First, let's create a blank environment called ilamb-watersheds
and activate it.
conda create --name ilamb-watersheds
conda activate ilamb-watersheds
The ILAMB package v2.6 is already built in the conda-forge channel. We need to make sure that this channel is added. If you use conda, you probably have already done this, but it does not hurt to run it again.
conda config --add channels conda-forge
conda config --set channel_priority strict
Then we can install ILAMB.
conda install ILAMB
The capabilities we are presenting today have been written for this tutorial and are not yet into a release of ILAMB. So we will install ILAMB again on top of the conda build but this time directly referencing the master
branch from github with the watershed
extras. Navigate to some location where you keep source code and then:
git clone https://github.com/rubisco-sfa/ILAMB.git
cd ILAMB
python -m pip install '.[watershed]'
The watershed
extras installs additional packages that we need to handle geographic projections and query the USGS data servers. By including them as extras, more traditional ILAMB users can avoid installing packages they do not need. Note that depending on your system, you may also need to install wget
and gdal
. These can also be added with conda:
conda install wget
conda install gdal
Finally we can test that all of this worked by running:
python -c "import ILAMB; print(ILAMB.__version__)"
If you get a numeric 2.6
, then your ILAMB package should be setup correctly and you are ready to go!

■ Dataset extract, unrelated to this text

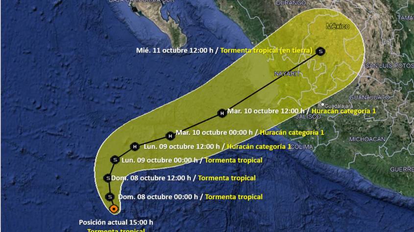 El gobierno de México ha emitido una alerta de huracán para la región que se extiende desde Playa Pérula hasta Mazatlán.

This tutorial is meant to work on the raw output from the ELM run conducted in the first part of this tutorial. If you were not able to run the model or were not present, we have bundled a version of the output that you can download and use. Please note that to keep the size managable, we have removed most of the variables.
If you would like to use the data from your run you either need to:
- Move your ELM output out of the docker area (preferred).

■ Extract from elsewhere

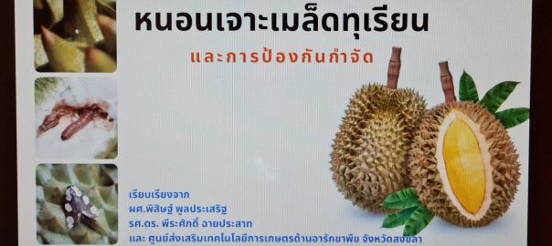 ศทอ.พิษณุโลก เป็นวิทยากร บรรยายให้ความรู้ หลักสูตร “ส่งเสริมการกำจัดหนอนเจาะเมล็ดทุเรียนด้วยวิธีผสมผสาน” ให้แก่เกษตรกรผู้ปลูกทุเรียน รุ่นที่ 6

- Spin up the docker instance and install conda and ILAMB within. Note that, similar to having to reclone the
OLMT
every time you launch the docker image, you will have to reinstall conda and ILAMB each time you spin up.
mkdir tutorial
cd tutorial
mkdir MODELS
cd MODELS
If you are using your own model output, then this is where we need to place your h0
and h1
netCDF files from the docker image. Note that you can simply provide a link to the folder where you have the files downloaded if you prefer not to move them. Alternatively, if you are using the sample output that we have prepared for you, then here is where we need to expand the tar-ball.
wget https://www.ilamb.org/~nate/ELM.tgz
tar -xvf ELM.tgz
Next, we need to get some reference dataset to make a comparison to the ELM output. In standard ILAMB, you would download our large collection. However, these datasets are at a half degree resolution and are not interesting to compare to the ELM watershed run.

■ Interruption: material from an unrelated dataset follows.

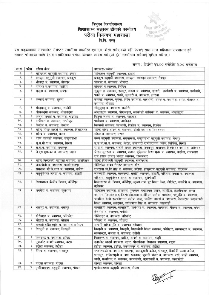 Exam Center for M.Ed. Second Semester-2081 pdfImportant Guidelines of Notice :

NASA has MODIS data available for download on their Aρρears (Application for Extracting and Exploring Analysis Ready Samples) portal. This data portal allows you to specify a polyline representing your watershed, and then download MODIS data at 8 day resolution for just that area. To download your own data, you will need a free login with that website.
As requests to Aρρears are not instantaneous, we have already made a request for MODIS gpp
over the American River watershed (actually a larger area) and have processed this data to make suitable for ILAMB analysis using this script. You can simply download the result from our site following the steps below.
cd ..
mkdir DATA
cd DATA
mkdir MODIS
cd MODIS
wget https://www.ilamb.org/~nate/AmericanRiverWashington.nc
At this point, we are ready to setup our ILAMB analysis. As a check, your data should look like this:
./tutorial
├── DATA
│ └── MODIS
│ └── AmericanRiverWashington.nc
└── MODELS
└── ELM
├── 20230411_ini_hcru_hcru_ICB20TRCNPRDCTCBC.elm.h0.1980-01.nc
├── 20230411_ini_hcru_hcru_ICB20TRCNPRDCTCBC.elm.h0.1980-02.nc
├── ...
├── 20230411_ini_hcru_hcru_ICB20TRCNPRDCTCBC.elm.h0.2014-11.nc
├── 20230411_ini_hcru_hcru_ICB20TRCNPRDCTCBC.elm.h0.2014-12.nc
├── 20230411_ini_hcru_hcru_ICB20TRCNPRDCTCBC.elm.h1.1980-01-01-00000.nc
├── ...
└── 20230411_ini_hcru_hcru_ICB20TRCNPRDCTCBC.elm.h1.2015-01-01-00000.nc
where I have left ...
just to shorten the list of files present in the printed directory.
In order to run the ILAMB analysis we need to signal to ILAMB (1) the reference datasets we want to compare against and (2) the models that are going to be part of the study.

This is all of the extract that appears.